## PROBLEM
The full listing, minus its pictures, should be printed again exactly as it stands.

## SOURCE DATA
-*-
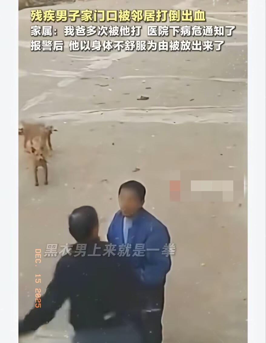 江西残疾父亲被打入ICU!黑衣男4次施暴细节触目惊心提前释放引众怒! 江西一位残疾父亲被邻居黑衣男多次殴打,最终住进ICU的消息看完让人怒不可遏!随着更多细节被扒出,网友直呼“这哪里是邻里口角分明是恶意报复!” 最让人脊背发凉的是黑衣男的嚣张与算计:专挑工作日上午10点动手算准受害者子女上班邻居外出买菜,没人能及时阻拦;之前4次殴打后都以“邻里矛盾”轻描淡写掩盖,还威胁受害者“敢说出去就再打”。 更过分的是过往的施暴记录:去年3月残疾父亲左臂被打骨折,黑衣男找了“劝架失手”的借口,还托人给派出所送了箱水果,最后只赔500元就了事;今年7月父亲额头被打肿,因没监控对方不认账,又一次不了了之。一次次的纵容让黑衣男越来越大胆,最终酿成ICU的悲剧! 而黑衣男被抓后的操作更离谱:声称自己有心脏病不到24小时就被释放,可去医院检查时,血压心电图全正常,连慢性病都没有!这个释放流程比常规案件快了近3倍,完全不合常理,难怪受害者女儿坚决表示“不会和解一定要讨公道”。 残疾父亲本就弱势却遭遇如此多次恶意殴打,黑衣男的嚣张气焰、疑似“走后门”的释放流程,都让网友愤怒不已:“不能让老实人受欺负!”“必须严查释放原因,给受害者一个交代!” 目前当地已表态会跟进处理,受害者也提交了伤残鉴定。希望能有更多邻居站出来作证,让施暴者得到应有的惩罚也希望相关部门能彻查背后是否有违规操作,还受害者一个公道! 你怎么看待这起恶意殴打事件?
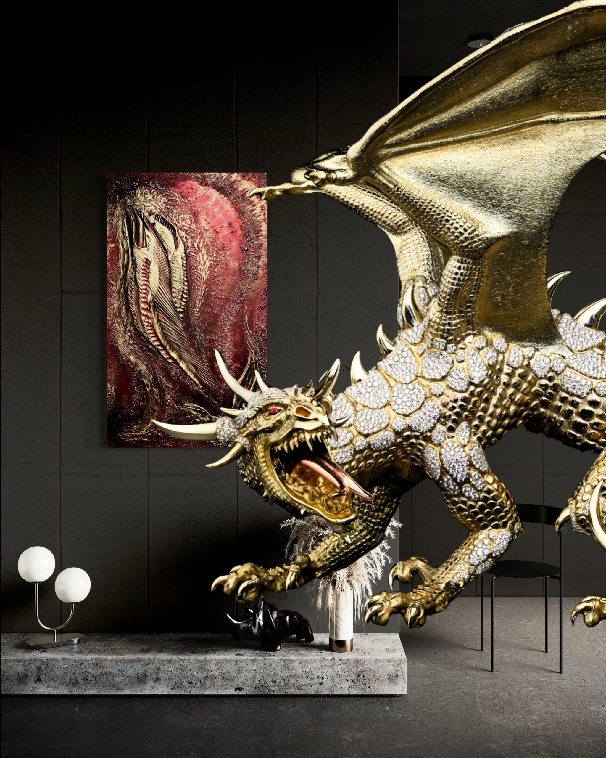 In Zusammenarbeit mit der Schmuckmanufaktur Giberg entstand eine Serie von 12 monumentalen Werken, inspiriert vom Mythos des Drachen – einem Symbol für Mut, Kraft, Glück und Fortschritt.
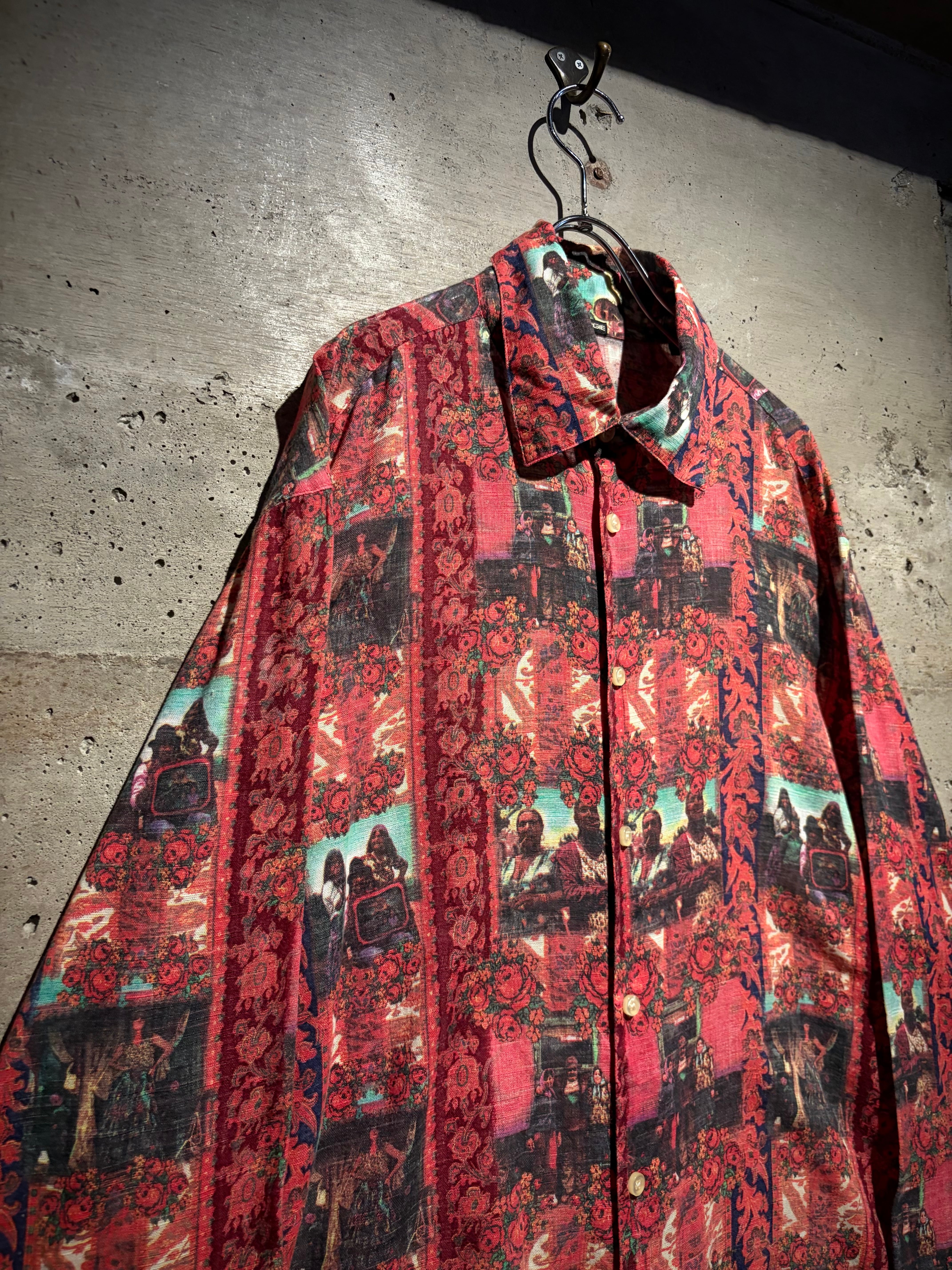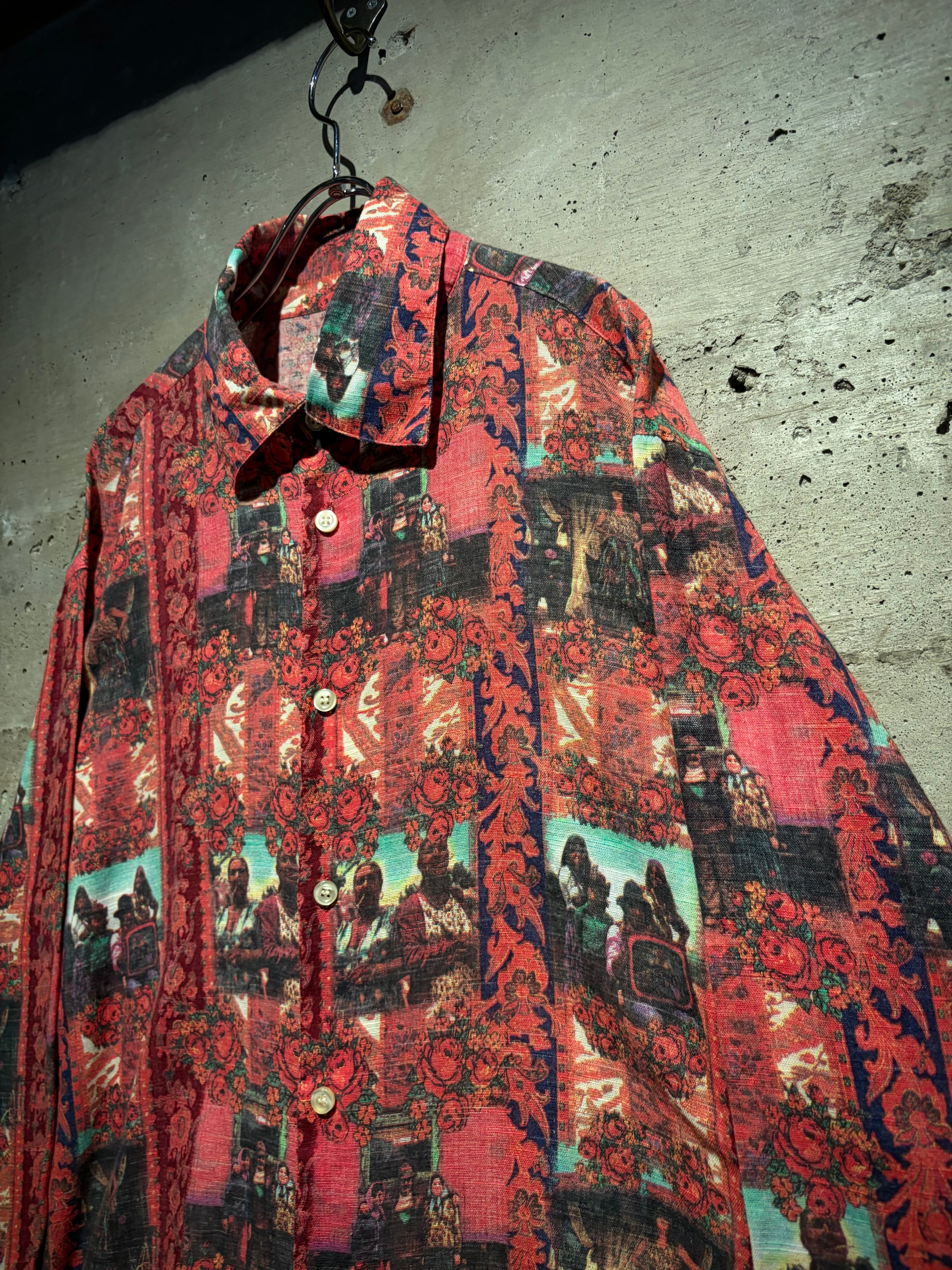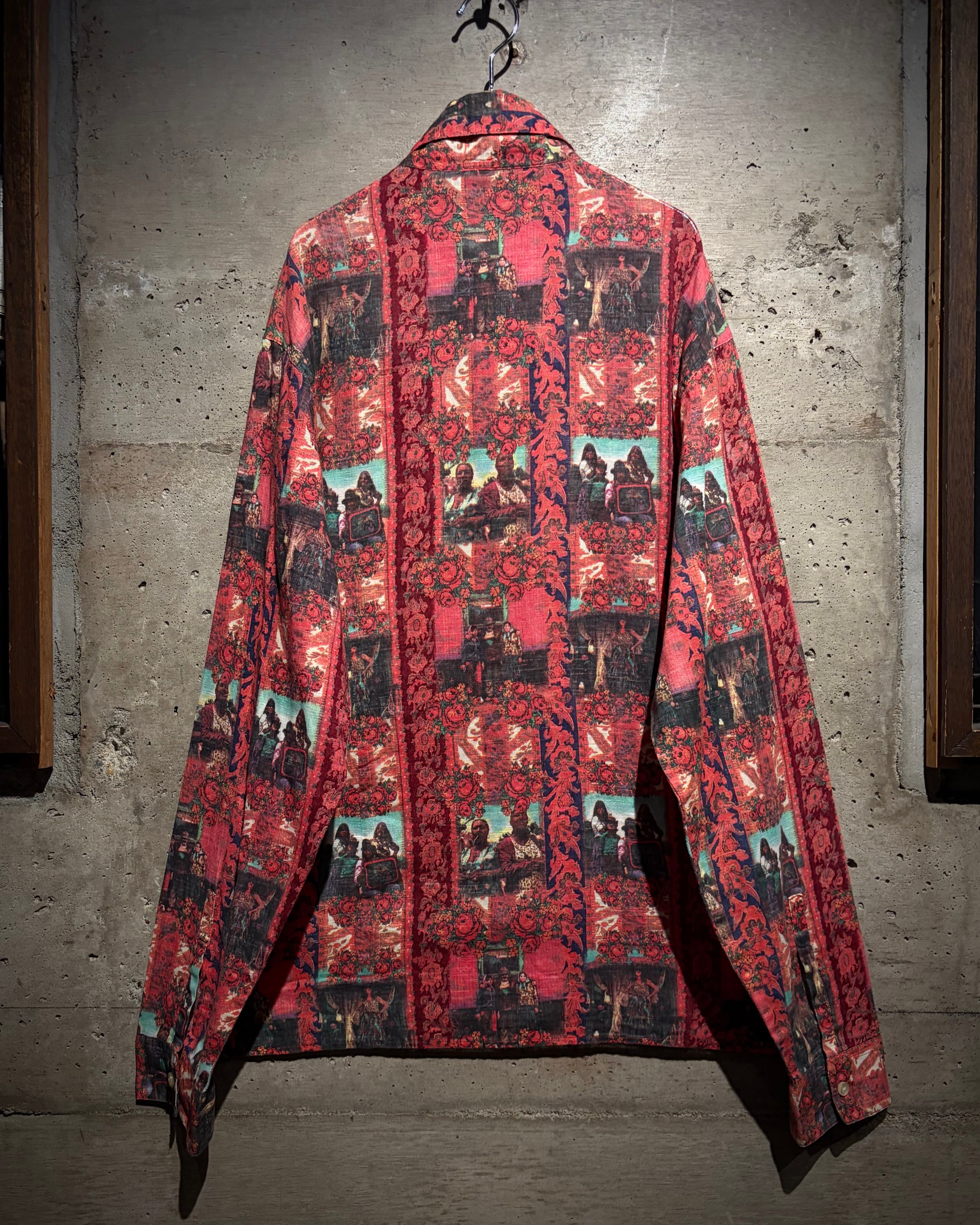 日常のワンシーンを切り取ったようなフォトグラフィックを全面に載せ、華やかなフラワーモチーフや装飾的なパターンを重ねたデザインが印象的な1着。
-*-
## TASK SOLUTION
 江西残疾父亲被打入ICU!黑衣男4次施暴细节触目惊心提前释放引众怒! 江西一位残疾父亲被邻居黑衣男多次殴打,最终住进ICU的消息看完让人怒不可遏!随着更多细节被扒出,网友直呼“这哪里是邻里口角分明是恶意报复!” 最让人脊背发凉的是黑衣男的嚣张与算计:专挑工作日上午10点动手算准受害者子女上班邻居外出买菜,没人能及时阻拦;之前4次殴打后都以“邻里矛盾”轻描淡写掩盖,还威胁受害者“敢说出去就再打”。 更过分的是过往的施暴记录:去年3月残疾父亲左臂被打骨折,黑衣男找了“劝架失手”的借口,还托人给派出所送了箱水果,最后只赔500元就了事;今年7月父亲额头被打肿,因没监控对方不认账,又一次不了了之。一次次的纵容让黑衣男越来越大胆,最终酿成ICU的悲剧! 而黑衣男被抓后的操作更离谱:声称自己有心脏病不到24小时就被释放,可去医院检查时,血压心电图全正常,连慢性病都没有!这个释放流程比常规案件快了近3倍,完全不合常理,难怪受害者女儿坚决表示“不会和解一定要讨公道”。 残疾父亲本就弱势却遭遇如此多次恶意殴打,黑衣男的嚣张气焰、疑似“走后门”的释放流程,都让网友愤怒不已:“不能让老实人受欺负!”“必须严查释放原因,给受害者一个交代!” 目前当地已表态会跟进处理,受害者也提交了伤残鉴定。希望能有更多邻居站出来作证,让施暴者得到应有的惩罚也希望相关部门能彻查背后是否有违规操作,还受害者一个公道! 你怎么看待这起恶意殴打事件?
 In Zusammenarbeit mit der Schmuckmanufaktur Giberg entstand eine Serie von 12 monumentalen Werken, inspiriert vom Mythos des Drachen – einem Symbol für Mut, Kraft, Glück und Fortschritt.
 日常のワンシーンを切り取ったようなフォトグラフィックを全面に載せ、華やかなフラワーモチーフや装飾的なパターンを重ねたデザインが印象的な1着。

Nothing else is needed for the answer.